| About this task |
Beginning at the line that contains "Niveles bajos: el" and finishing at the line that contains "简介:Win10操作系统是目", output the data below exactly. Include both end lines and no pictures.

| Data in this exercise |
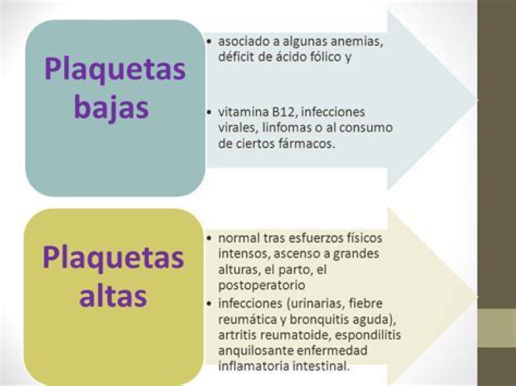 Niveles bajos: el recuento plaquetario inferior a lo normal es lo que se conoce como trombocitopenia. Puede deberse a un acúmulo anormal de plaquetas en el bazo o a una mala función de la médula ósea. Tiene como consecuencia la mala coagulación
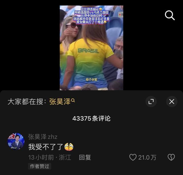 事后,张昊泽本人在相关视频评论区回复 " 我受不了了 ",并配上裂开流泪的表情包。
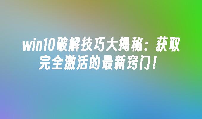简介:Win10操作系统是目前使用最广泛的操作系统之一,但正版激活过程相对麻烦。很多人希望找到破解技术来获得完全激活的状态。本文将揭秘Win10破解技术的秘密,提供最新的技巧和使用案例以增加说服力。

--

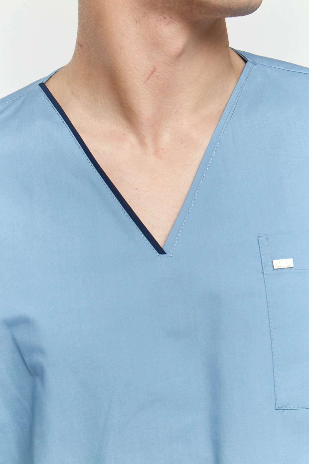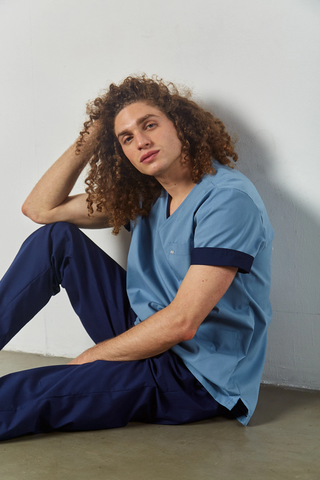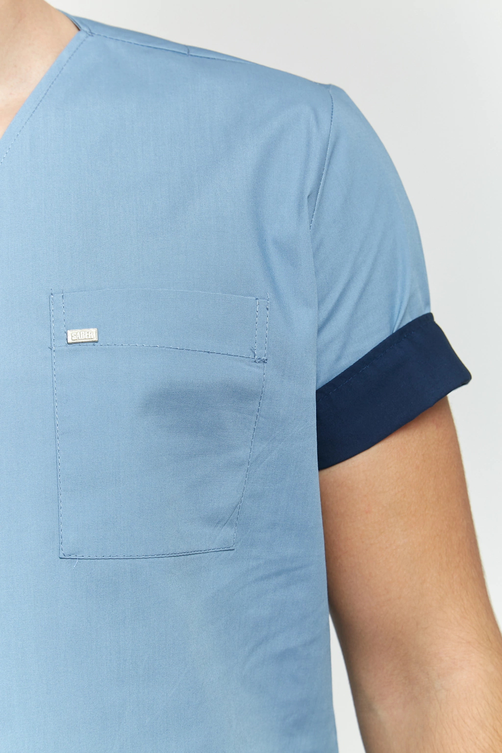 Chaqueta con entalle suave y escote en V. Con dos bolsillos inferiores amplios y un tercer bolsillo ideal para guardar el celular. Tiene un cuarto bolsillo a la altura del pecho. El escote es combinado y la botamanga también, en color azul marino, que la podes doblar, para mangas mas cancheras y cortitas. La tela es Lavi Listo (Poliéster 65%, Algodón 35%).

...

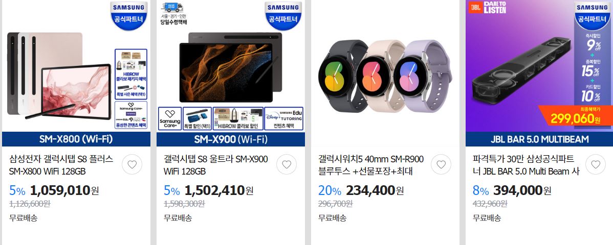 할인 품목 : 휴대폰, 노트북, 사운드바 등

| Solution for this exercise |
 Niveles bajos: el recuento plaquetario inferior a lo normal es lo que se conoce como trombocitopenia. Puede deberse a un acúmulo anormal de plaquetas en el bazo o a una mala función de la médula ósea. Tiene como consecuencia la mala coagulación
 事后,张昊泽本人在相关视频评论区回复 " 我受不了了 ",并配上裂开流泪的表情包。
简介:Win10操作系统是目前使用最广泛的操作系统之一,但正版激活过程相对麻烦。很多人希望找到破解技术来获得完全激活的状态。本文将揭秘Win10破解技术的秘密,提供最新的技巧和使用案例以增加说服力。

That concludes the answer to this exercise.